File size: 11,500 Bytes

---
license: apache-2.0
pipeline_tag: image-text-to-text
library_name: transformers
---

### UI-Venus
This repository contains the UI-Venus model from the report [UI-Venus: Building High-performance UI Agents with RFT](https://arxiv.org/abs/2508.10833). 

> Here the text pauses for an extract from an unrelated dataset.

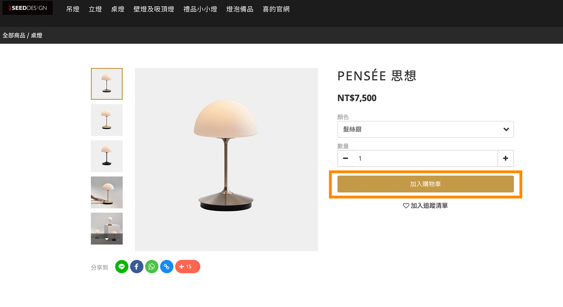 確認喜歡的品項、顏色、數量,點選「加入購物車」。

UI-Venus is a native UI agent based on the Qwen2.5-VL multimodal large language model, designed to perform precise GUI element grounding and effective navigation using only screenshots as input. It achieves state-of-the-art performance through Reinforcement Fine-Tuning (RFT) with high-quality training data. More inference details and usage guides are available in the GitHub repository. We will continue to update results on standard benchmarks including Screenspot-v2/Pro and AndroidWorld.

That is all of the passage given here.